Re: @jr424242 (was: I always thought)
Hmm, PCB filled capcitors.....lovely.
Must remember to wash my hands before eating sandwiches after handling those capacitors.
Re: I always thought
@jr424242 - Rats, beat me to it. My dad had an Austin Healey that makes this one of my favorite jokes EVAH.
"the fondness rats exhibit for the taste of greased leather."

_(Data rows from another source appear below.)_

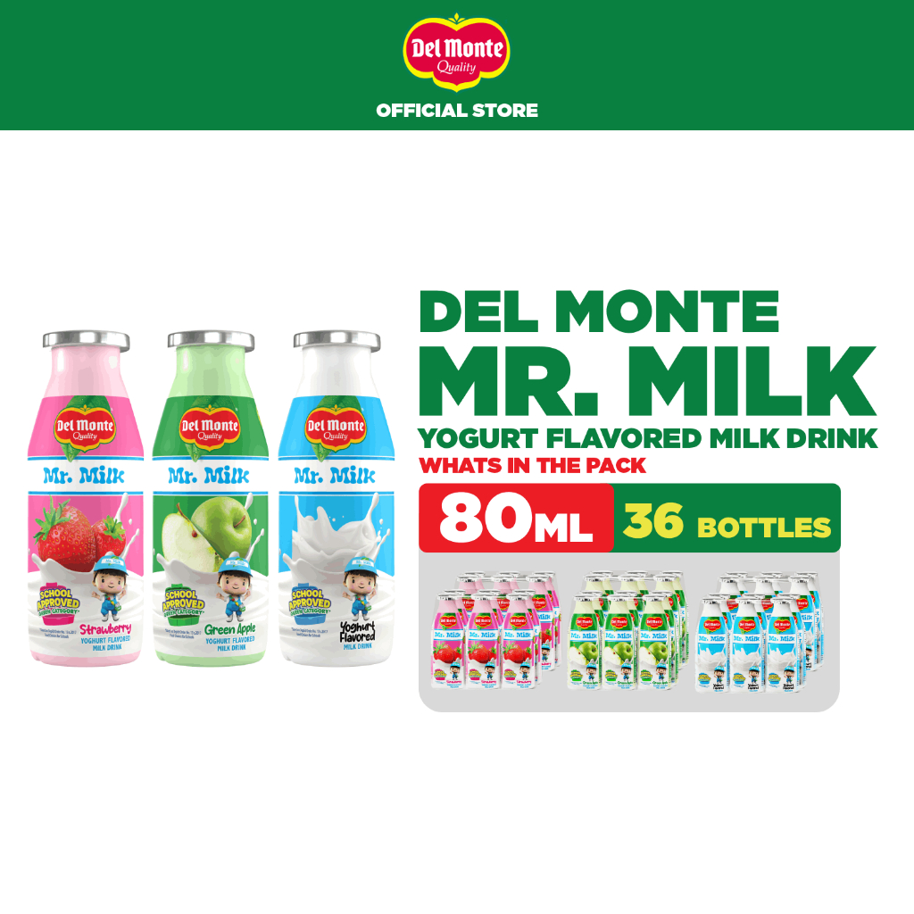 Del Monte Mr. Milk Assorted Flavors Bundle 80ml (Green Apple, Plain & Strawberry) – 36 items
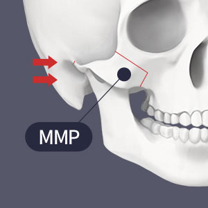 Osteotomy performed close to the eyes while maintaining cheek volume and characteristics.
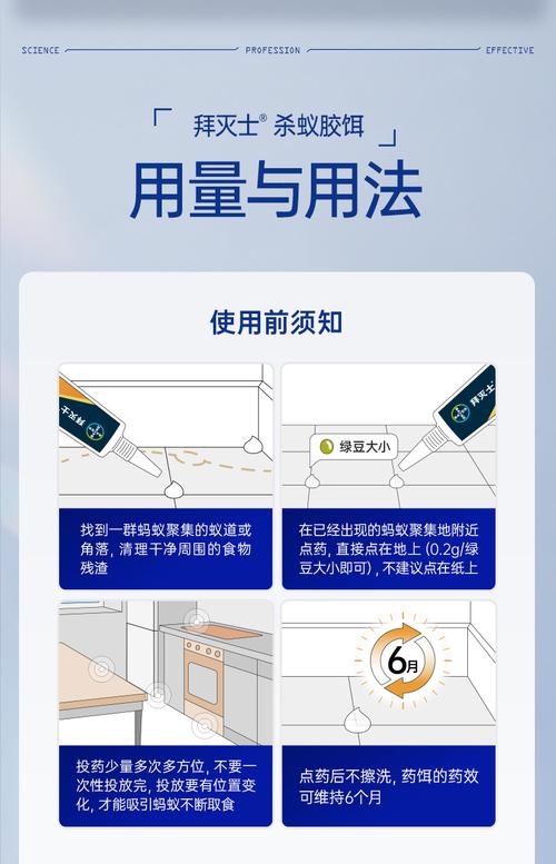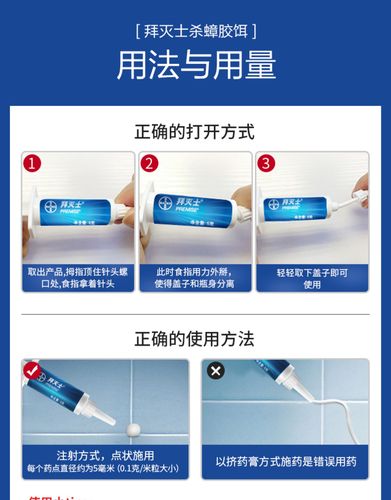 〖Six〗、拜灭士杀蟑胶饵的使用方法根据包装类型有所不同,具体如下:针管包装: 打开方式:拇指顶住针头螺口处,食指用力向外掰,使盖子和瓶身脱离,然后轻轻取下盖子。 使用方法:使用针管将胶饵点涂在蟑螂经常出没或隐藏的地方,如墙角、缝隙、家具背面等。
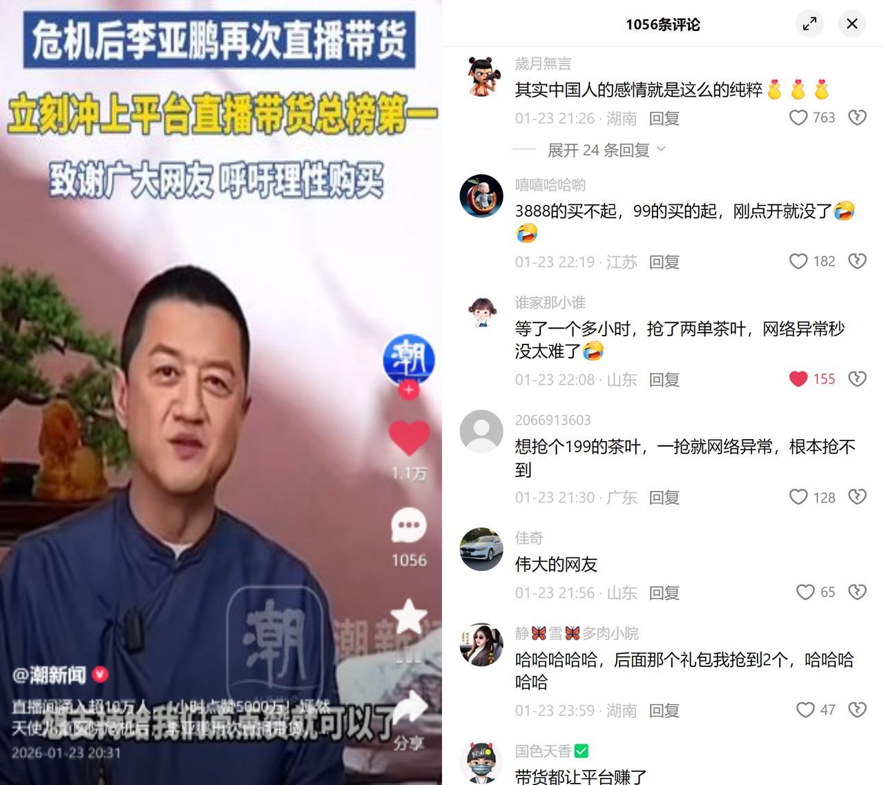 李亚鹏直播让大家理性买货,大家偏要跟他对着干,1小时点赞5000万,99块的茶叶
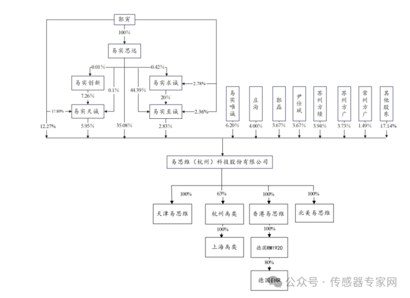 目前,易思维实控人为公司创始人&CEO郭寅,郭寅直接持有公司 12.27%股份,通过实际控制易 实思远、易实天诚、易实至诚分别间接控制公司 35.08%股份、5.95%股份、 2.83%股份,合计控制公司 56.13%股份。

Thus neatly explaining his Great Grandson's taste in trousers & album artwork. Shame that the surname was changed in an inadvertent key-punch error when the pre-teen Jean-Jacques and his family moved to Surrey & his father had to get his paperwork updated.
Early Xmas present
Yay!! i was worried we wouldn't get anything from Verity this month. That's made my xmas, and it's not even started yet :)
UNIVAC
Well, if you were going to try to compete with the beating sweeping UNIVAC, you shouldn't have let the Dysons emigrate, that's all.